An ideal approach might be instead to go and define all your rooms, and then create a 'map' which describes the relationship between your rooms. So for example:
kitchen = {
"name":"Kitchen",
"description": "This is the kitchen! It's nice and clean.",
"exits": "S", "E"
}
bathroom = {
"name":"Bathroom",
"description":"This is the bathroom. Someone left a towel on the floor.",
"exits":"W", "S"
}
#and so on, creating rooms
Now create a map dict that just holds all this info and describes how those exits work.
mapOfHouse = {
"kitchen": kitchen,
"leadsTo": {
"S": bathroom,
"E": someOtherRoom ##some other place you've defined
},
"bathroom": bathroom,
"leadsTo": {
"S": otherAwesomePlaces,
"E": kitchen
},
#and so on for other rooms in the house/on the map/etc
}
Once you sketch all this out, you then set your gameloop to get your player's input, check it against the room's exits, and if there's a match, as long as the loop is still True it heads back up to the top, displaying the updated information.
It seems like a lot more work, but really this gives you an immense amount of freedom.

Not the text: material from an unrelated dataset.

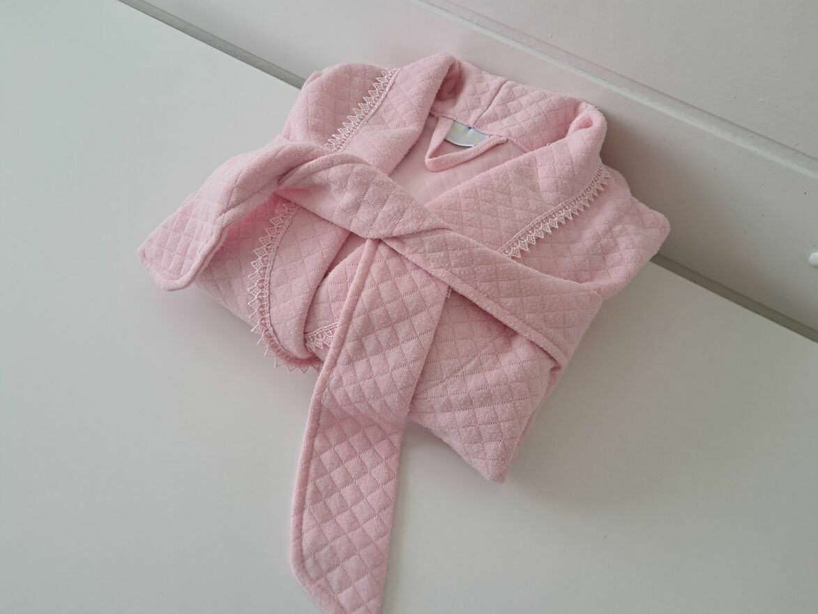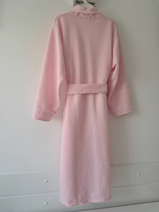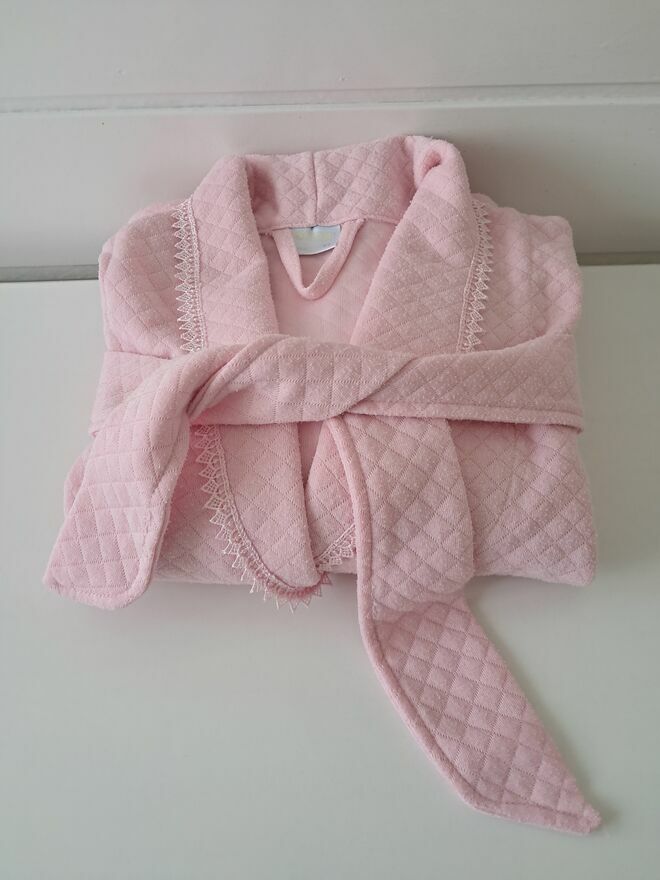 Do sprzedania różowy, bawełniany (100%) szlafrok damski „SOVIE”, rozmiar XL. Wokół kołnierza, na rękawach i dwóch kieszeniach koronkowa aplikacja, wewnątrz wiązanie, na zewnątrz pasek na dwóch szlufkach. Wymiary w cm: szerokość w ramionach – 51, obwód pod pachami – 116, na dole – 134, długość całkowita – 110, długość rękawa: zewnętrzna – 50, od pachy - 45.Szlafrok mało używany w bardzo dobrym stanie.

It lets you focus strictly on rooms as you design them, then focus strictly on the map as you update it, and then lets you design a game loop which doesn't really care a lot about the contents of what it's looping over, as long as it stays True the whole time and gets good instructions from the player.
You referencing the dict1 within dict2, but dict1 doesn't exist yet.
Your problem is the following:
dict2 = {'1':[text2, text1, dict1]} # NameError: Here dict1 does not exist yet
dict1 = {'1':[text1, text2, dict2]}
You can only solve this by defining the objects before referencing them.
In order to achieve that, you can do as follows:
dict1, dict2 = {}, {} # Define both objects
dict1[1] = [text2, text1, dict2] # Here dict2 is already defined, no NameError
dict1[2] = None # ...
dict2[1] = [text1, text2, dict1] # And here is dict1 already defined too
dict2[2] = None # ...
The question we could ask is: does referencing an object and later changing it alter the reference?
The answer is yes, it does; provided you're using references and not copies (asigning dictonaries always references them).
What if you wanted to make a copy and not a reference?
Well, you can do that via the deepcopy and copy functions from the copy module.
The problem with NameErrors is that there is no such name defined; Python does not use names to track variables: the same name can correspond to different variables (in different scopes, or at different times) and the same variable can be accessed via different names (by assigning one name's value to the other).
When you do del x, you unlink a variable from its name, but you don't always eliminate the object.
For example, the following code works and prints stash correctly, altough via the del operator we unlinked the str object 'hello' from the object x that contained it.
x = {1: 'hello'}
stash = x[1]
del x[1]
print stash
By deleting the stash object too the 'hello' object may be now prone to be garbage-collected at some point.
Reminder
If you want to refer to other objects via their names, they have to be named before that reference happens.